((
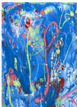
"Graffiti marini" Tecnica mista su tela 70X100
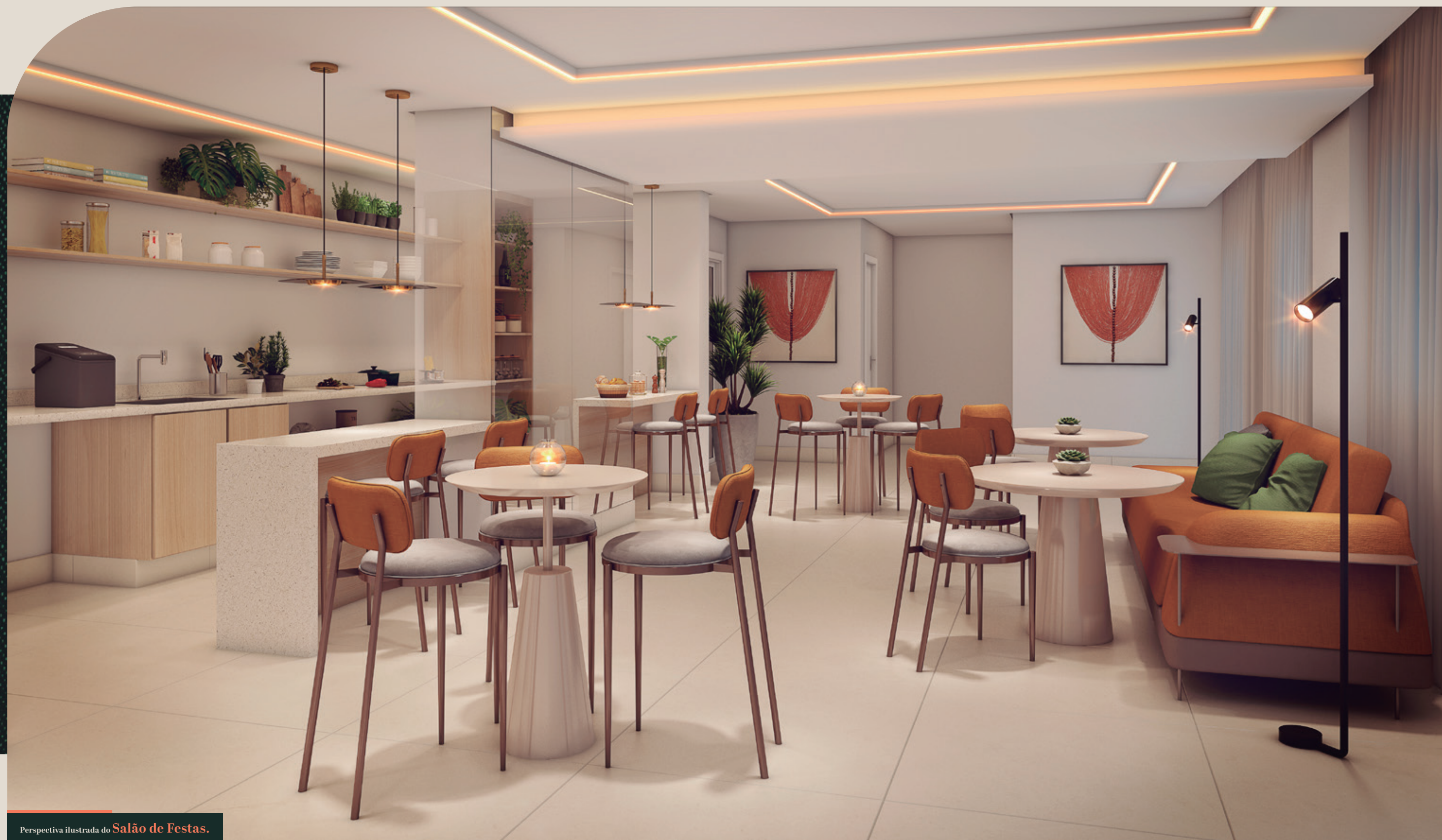
Perspectiva ilustrada do Salão de Festas.
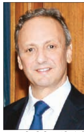
السفير الشيخ سالم العبدالله

العبد الله: زيارة الأمير لواشنطن بداية لمرحلة جديدة في العلاقات الثنائية تنتقل إلى الـ 25 سنة القادمة من العلاقات بين البلدين ووضع أسس جديدة لدفعها إلى مراحل متقدمة بجفظ الله ورعايته، يتوجه صاحب السمو الأمير الشيخ صباح الأحمد والوفد الرسمي المرافق لسموه اليوم إلى العاصمة واشنطن وذلك في زيارة رسمية يجري سموه خلالها مباحثات رسمية مع الرئيس دونالد ترامب رئيس الولايات المتحدة الأميركية الصديقة. رافقت سموه السلامة في الحل والترحال. في هذا السياق، قال نائب وزير الخارجية خالد الجارالله ان زيارة صاحب السمو الأمير الشيخ صباح الأحمد إلى الولايات المتحدة أعلى مستوى بين البلدين للتحديث حول العلاقات الثنائية والقضايا الإقليمية ذات الاهتمام المشترك. واضاف الجارالله في تصريحه هاتفي لقناة «المجلس» ان الكويت والولايات المتحدة الأميركية تجمعها شراكة استراتيجية وعلاقة ذات مصالح كبيرة معرباً عن الأمل بان تصطبغ هذه الزيارة إلى العلاقات المتميزة بين البلدين الشيء الكثير. وأوضح انه سيتم خلال هذه الزيارة بحث سبل تعزيز التعاون في مختلف المجالات السياسية
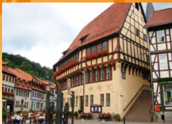
Südharz OT Stolberg, Rathaus

Tourist-Information Auer Gasse 6-8 Fon: 03683/6097580 Fax: 03683/60975821
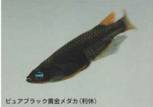
ピュアブラック黄金メダカ(利休)
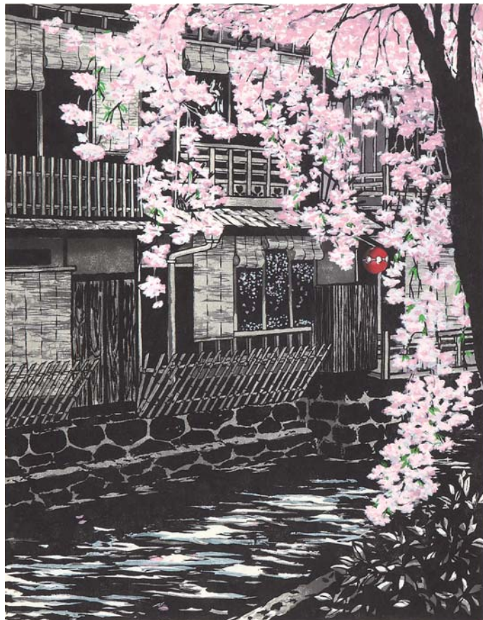
《祇園白川》2004年 第80回記念白日会展出品

力強く、そして繊細に、私たちに語りかけるような静かな佇まいを醸し出すジュディ・オング倩玉の木版画の世界をご堪能ください。
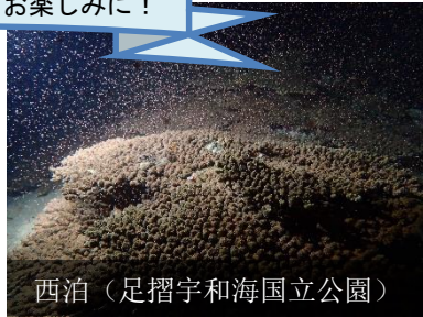
西泊(足摺宇和海国立公園)
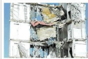
Un palazzo di Sidone, in Libano, distrutto dai raid israeliani

Prove di tregua. Mentre da Praga il presidente Sergio Mattarella ha puntato il dito contro i «bombardamenti devastanti sul Libano», Netanyahu ha detto sì ai negoziati con Beirut. Potrebbero tenersi già la settimana prossima negli Stati Uniti. Anche Russia e Turchia spingono per un cessate il fuoco. Ma Hormuz resta ancora chiuso. da pagina 6 a pagina 15
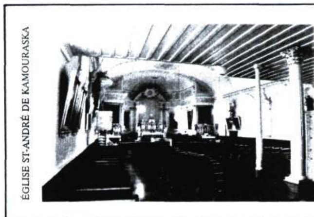
ÉGLISE ST-ANDRÉ DE KAMOURASKA
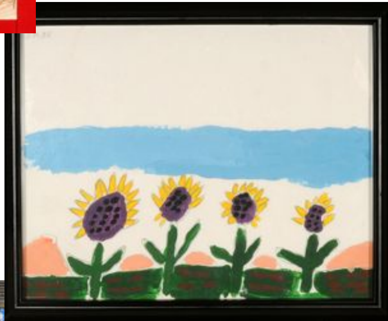
Sunflowers Thomas Turnbull, Owen Sound Acrylique sur carton mat
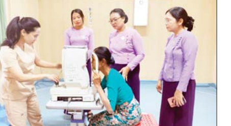
ဆွေနွယ် (ပြန်/ဆက်)

အဆိုပါ မျက်စိခွဲစိတ်ရမည့် လူနာ ၁၀ ဦးအနက် နှစ်ဦးမှာ မျက်စိခွဲစိတ်ရန်အတွက် ရောဂါများပြန်လည်စမ်းသပ်ချိန်တွင် သွေးတိုးနေခြင်းနှင့် ဆီးချိုရောဂါဖြစ်နေသည်ဟု ဆေးစစ်ချက်ပေါ်ထွက်လာသဖြင့် ခွဲစိတ်ခြင်းမပြုရဘဲ ကျန်လူနာ ဂရုစိုက်မှုကုသ ခွဲစိတ်သွားမည်ဖြစ်သဖြင့် ခွဲစိတ်ကုသရမည့် မျက်စိဝေဒနာရှင်များ ဆေးရုံတက်ရောက်နိုင်ရန် မြို့နယ်မိခင်နှင့်ကလေးစောင့်ရှောက်ရေးအဖွဲ့ဝင်များက ပိုင်းဝန်းကူညီဆောင်ရွက်ပေးခဲ့ကြောင်း သိရသည်။
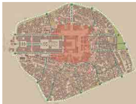
شکل ۴: اصلاح رابطه حرم مطهر علوی و شهر قدیم در پاسخ به نیازهای زائرین و مجاورین در مقیاس شهر قدیم
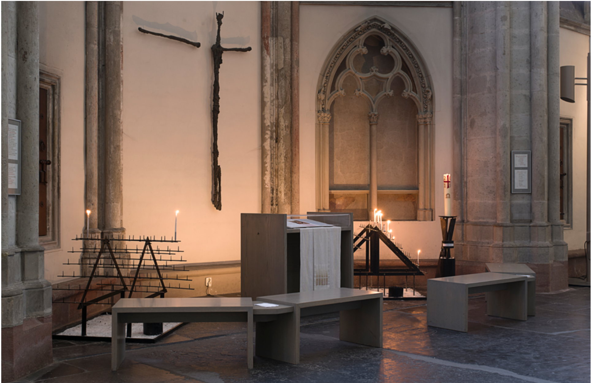
De voormalige Heilig Kruiskapel is ingericht als gedachteniskapel. Bij het bronzen – gebroken – kruis van Carel Kneulman kunnen bezoekers een kaarsje branden.
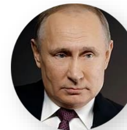
В.В. Путин Президент РФ

“ ...У нас в атомной промышленности мы реально работаем очень хорошо. Мы реально обогнали всех, мы больше всех делаем в мире атомных блоков для электростанций, это никакое не оружие, это высокие технологии... ”
))
*PROMPT*:
Return each line from the records that includes the word "Libano".

*ANSWER BOX*:
Un palazzo di Sidone, in Libano, distrutto dai raid israeliani
Prove di tregua. Mentre da Praga il presidente Sergio Mattarella ha puntato il dito contro i «bombardamenti devastanti sul Libano», Netanyahu ha detto sì ai negoziati con Beirut. Potrebbero tenersi già la settimana prossima negli Stati Uniti. Anche Russia e Turchia spingono per un cessate il fuoco. Ma Hormuz resta ancora chiuso. da pagina 6 a pagina 15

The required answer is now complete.